- [YOUR GOAL]: Nothing but the lines from the one containing "Ta ročna retraktibilna" to the end of the data should be copied, exactly, and the pictures stay out.

- [SUPPLIED DATA]:
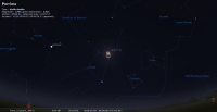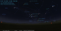 Le 1er mars au soir, illuminée à 99,8%, elle est déjà postée à l’horizon Est quand le Soleil disparaît. Elle se trouve entre les pattes du Lion et culmine à 55° de hauteur. Elle se couche juste après le lever du Soleil.
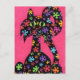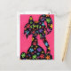 Este simpático gato negro se sienta sobre un fondo rosa intenso, mostrando en este diseño edificante sus detalladas marcas multicolores en forma de flor.
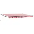 Ta ročna retraktibilna tenda pritegne pozornost s svojimi svetlo rdečimi in belimi črtami, kar je odlično za popestritev vašega zunanjega prostora. Pri velikosti 450x300 cm nudi obilo sence za balkone, terase in zunanje druženja, njena teksturirana površina pa prinaša sodoben pridih.
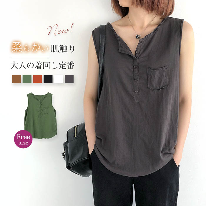 タンク タンクトップ レディース 綿 コットン シャツ ノースリーブ 切りっぱなし ゆったり トップス 綿麻風 インナー 下着 シャツ

- [RESPONSE TO THIS EXERCISE]:
 Ta ročna retraktibilna tenda pritegne pozornost s svojimi svetlo rdečimi in belimi črtami, kar je odlično za popestritev vašega zunanjega prostora. Pri velikosti 450x300 cm nudi obilo sence za balkone, terase in zunanje druženja, njena teksturirana površina pa prinaša sodoben pridih.
 タンク タンクトップ レディース 綿 コットン シャツ ノースリーブ 切りっぱなし ゆったり トップス 綿麻風 インナー 下着 シャツ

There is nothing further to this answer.